Communications Strategy is Important

As providers explore and execute partnerships, they must implement a stakeholder and communications strategy that focuses on benefits for each side given the new financial reality. Doing so will minimize criticism of opportunism by the acquiring system—and best position a definitive agreement and successful deal.

An effective communications strategy will emphasize how the proposed transaction will maintain or improve quality or affordability, ensure access to care for communities and address financial challenges faced by health systems as a result of the pandemic.

Health systems should articulate how their M&A activity will stabilize affected health systems, allow them to manage the Covid-19 crisis and future pandemics, and continue to meet the overall care needs of the community. It can also highlight how these partnerships will facilitate continued care in a market, which otherwise might lose a valuable health-care resource, as well as the positive economic benefits the transaction will bring for local communities.

Communications that support the vision, rationale and benefits of a deal will also need to be relevant to the regulatory bodies whose approval may be required.

Public perception and support of health-care providers have been extremely positive during the pandemic to date, as evidenced by homemade banners, balcony tributes, and praise on social media. Health systems and their staffs have borne personal risk and financial pain by focusing on patients and public health at the expense of all else. This goodwill can be valuable as health systems seek stakeholder and community support for their transactions.

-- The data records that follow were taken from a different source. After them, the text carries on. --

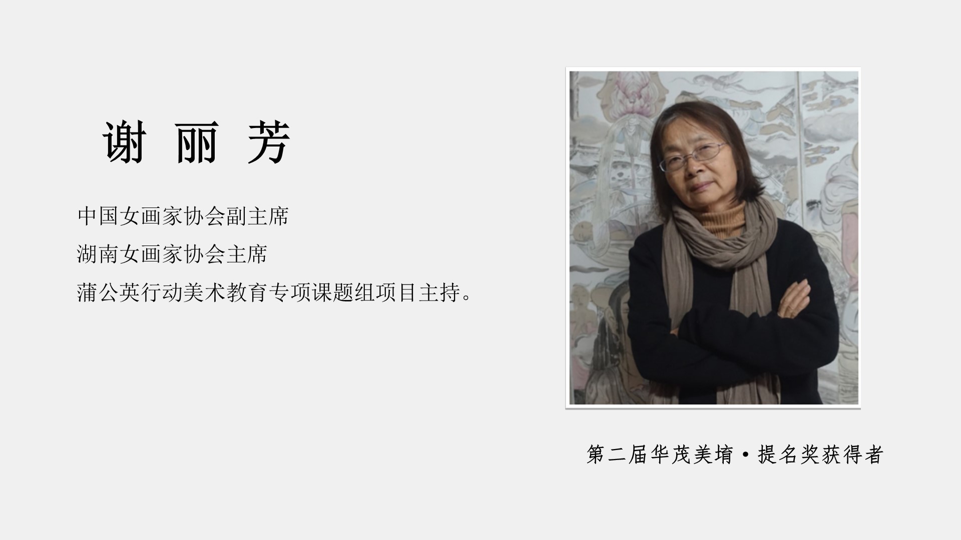 她就是第二届华茂美堉奖提名奖获奖者,中国女画家协会副主席、湖南女画家协会主席、蒲公英行动美术教育专项课题组项目主持——谢丽芳女士。
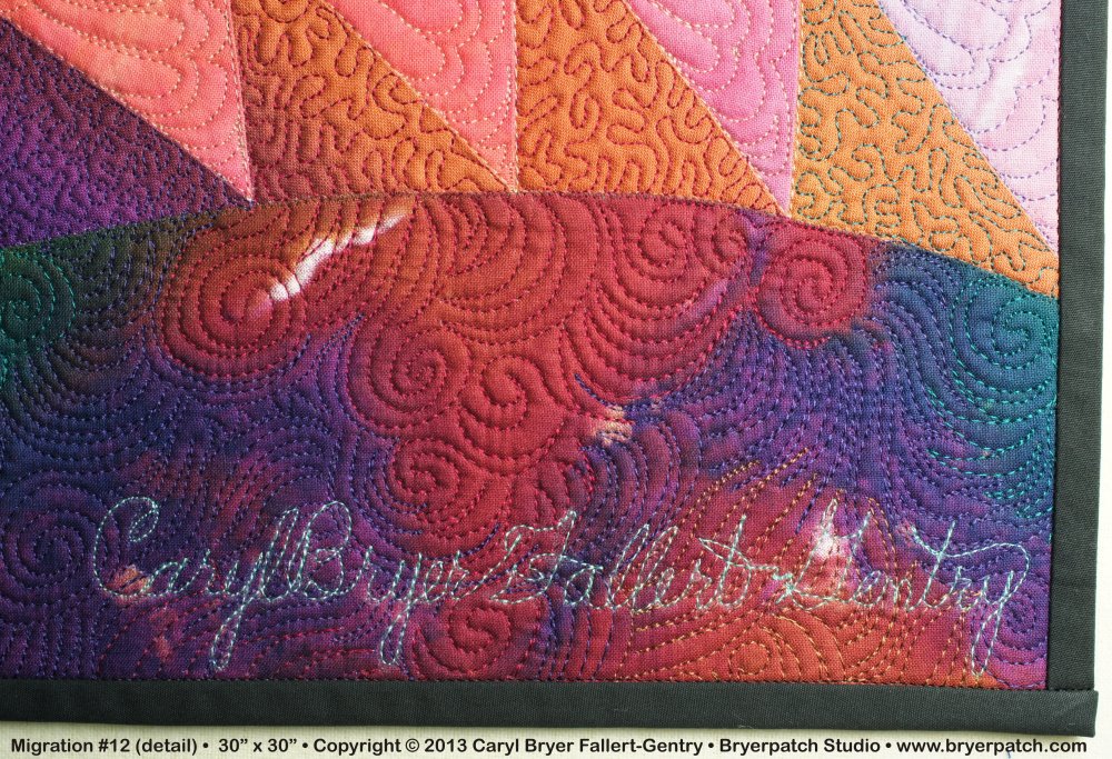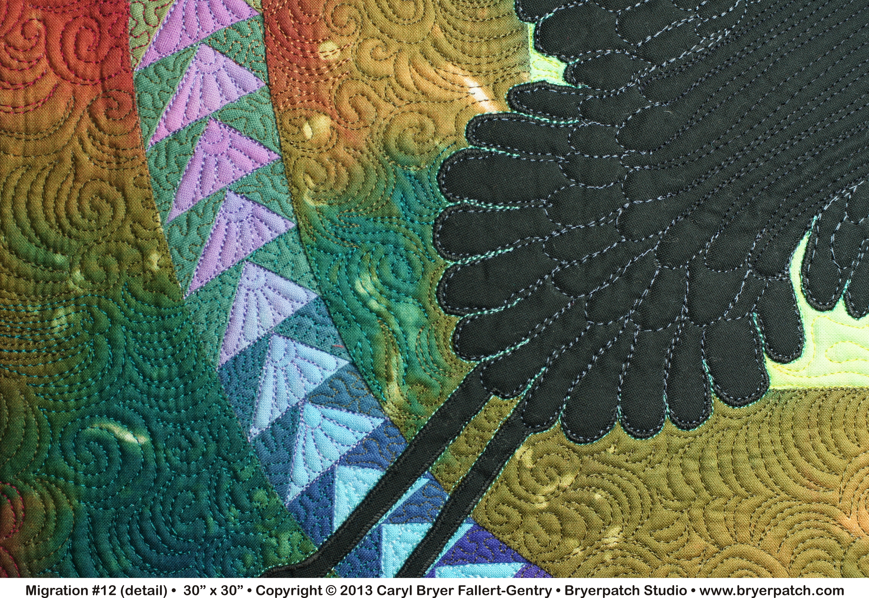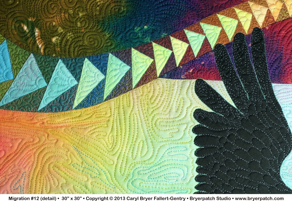 The quilting was done with many different colors of top stitching thread in colors that blend with the background fabrics. A “Caryl Flower”, one of my signature quilting patterns, was quilted into each goose triangle. The black birds, whose species is intentionally ambiguous, are quilted in charcoal grey. They are also outlined in light blue thread to create contrast and make them stand out. |
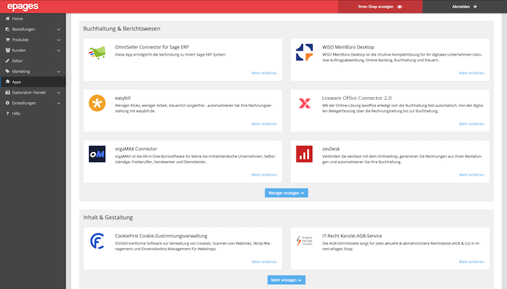 Lexware Office ist direkt im App Store des ePages-Shops integriert. Dadurch können Shop-Daten mühelos verknüpft und für eine komfortable Buchhaltung synchronisiert werden.
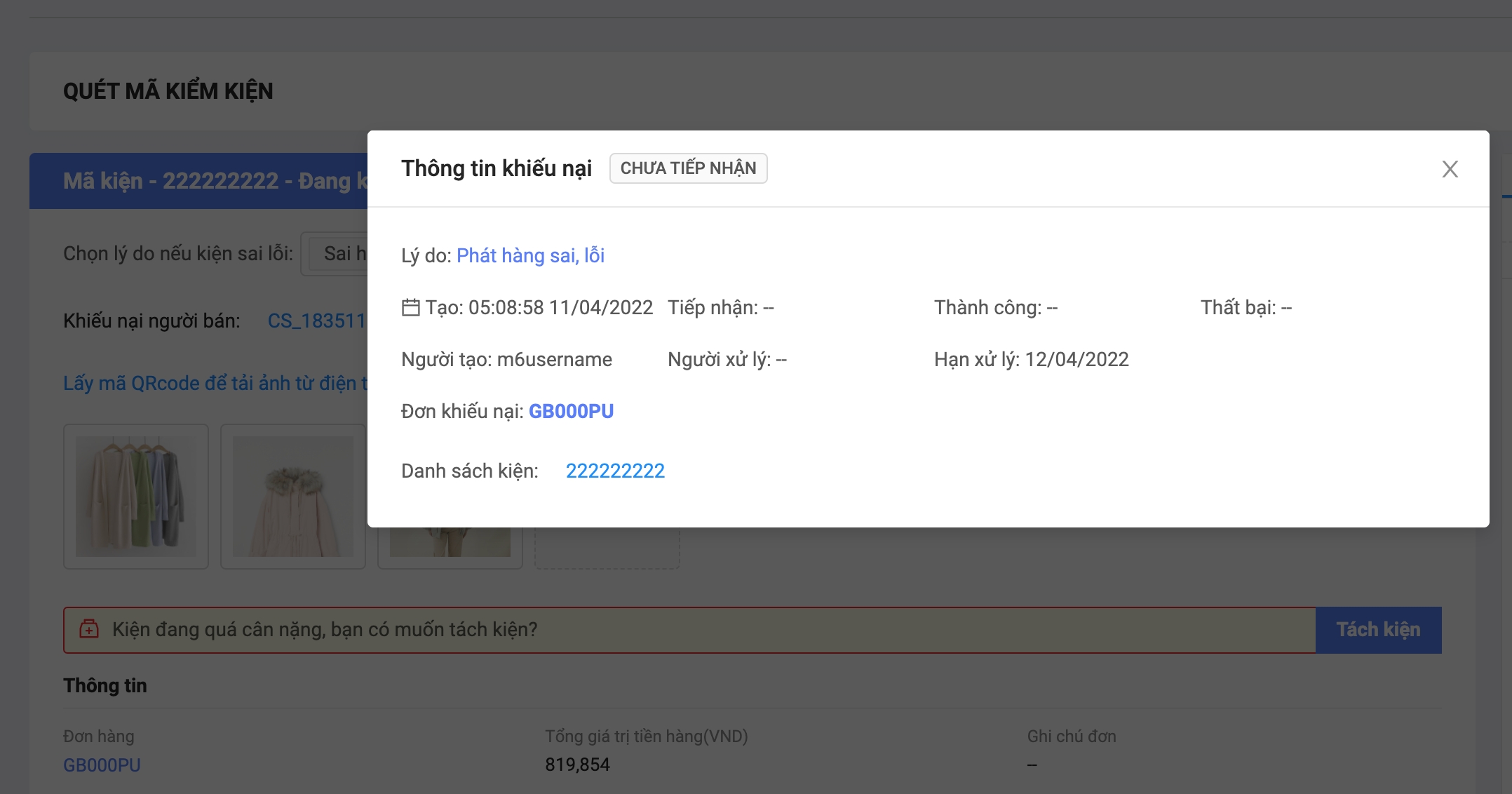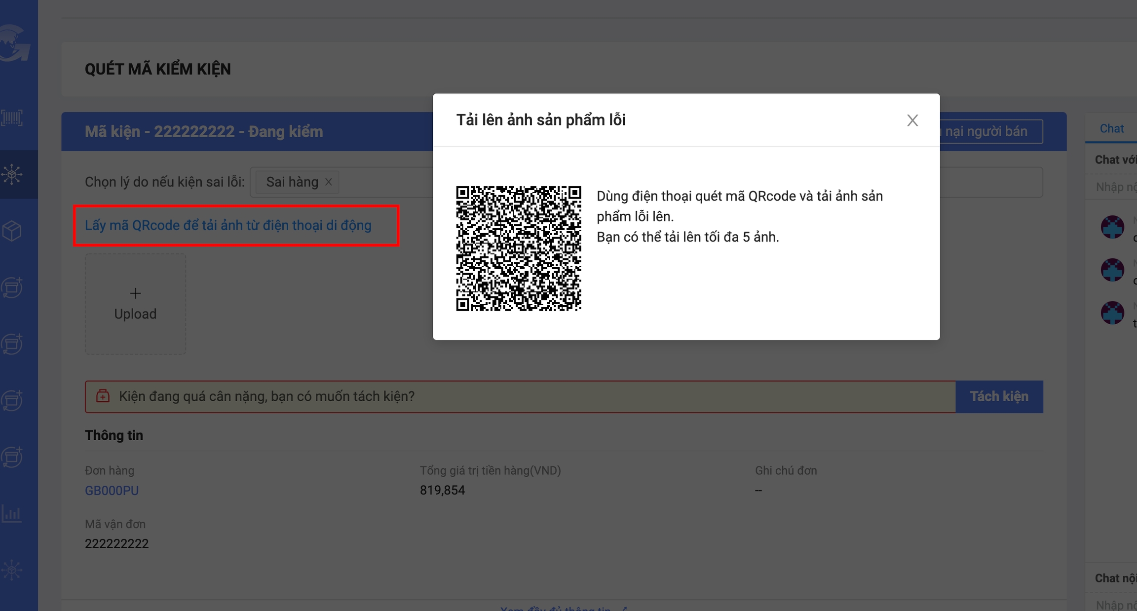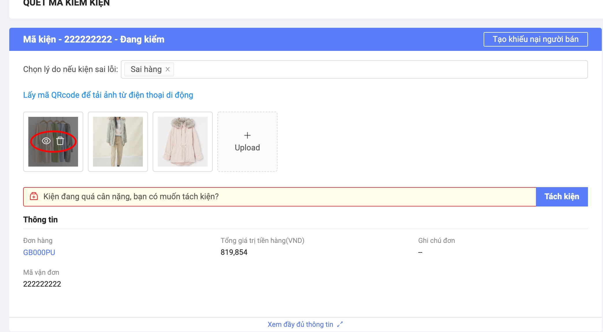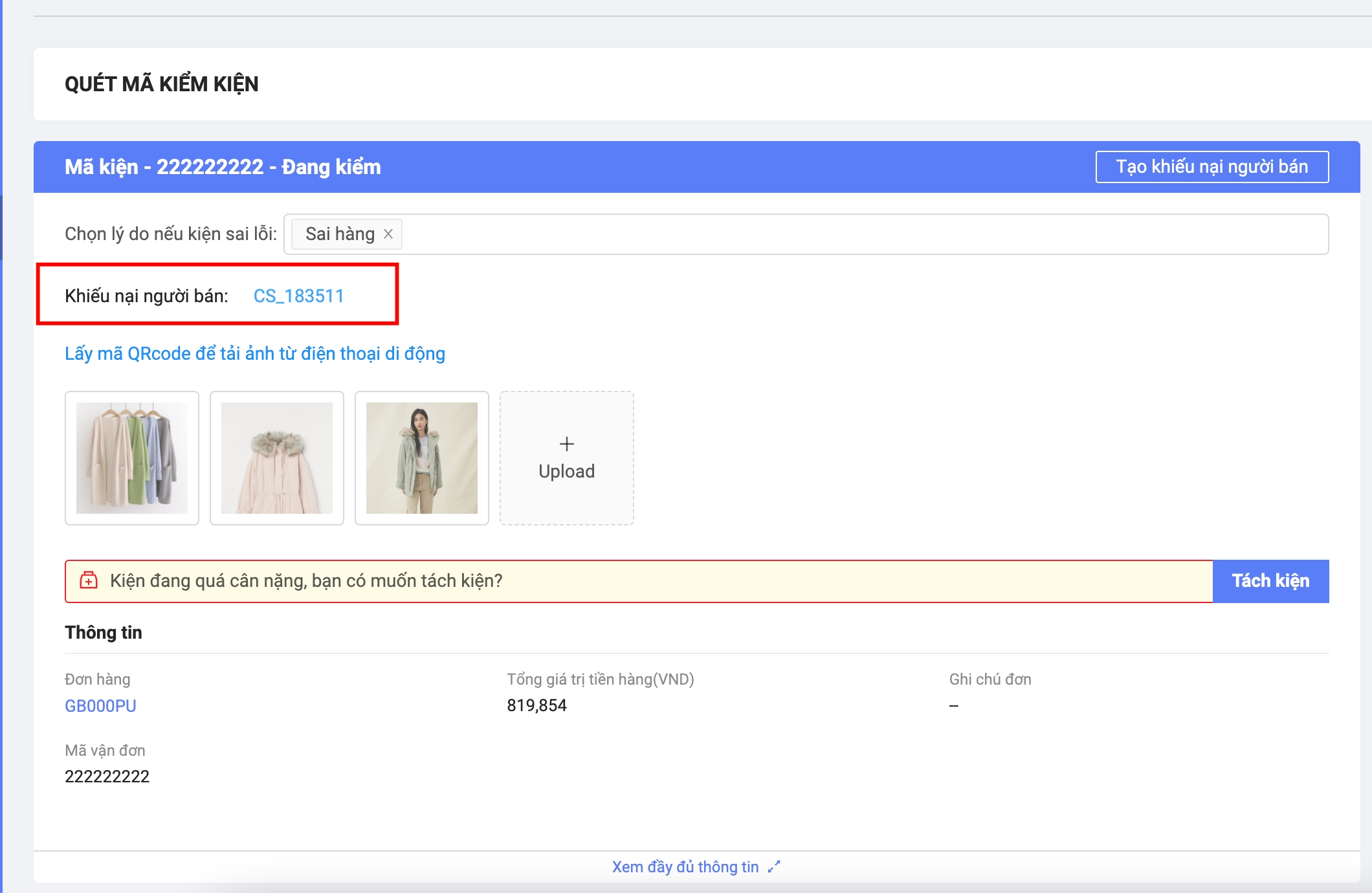 Tại giao diện kiểm kiện, Quý khách chọn lý do đánh dấu kiện hàng sai, lỗi.

That goodwill can also quickly be forgotten.

As health systems race to the altar to beat out competitors for M&A targets and other strategic relationships, it is critical that they are thoughtful in structuring their deals and justifying the activity.

For example, acquisitions and partnerships involving substantial outlays of capital and lucrative executive compensation or severance packages will be viewed negatively if undertaken by a system that instituted large compensation reductions across the system or even furloughed or laid off employees during the pandemic.

As the dust begins to settle from the first wave of Covid-19, it is clear that there will be drastic changes to how health systems do business. The pandemic will also create financial winners and losers. Hospitals and health systems must think proactively about a strategy for growth as opportunities with willing transaction partners arise.

But being proactive must be balanced against appearing to be opportunistic or taking advantage of the worst health crisis in our lifetimes. To maintain their goodwill and reputations, health systems should continue to do deals for the right reasons and for the benefit of their communities.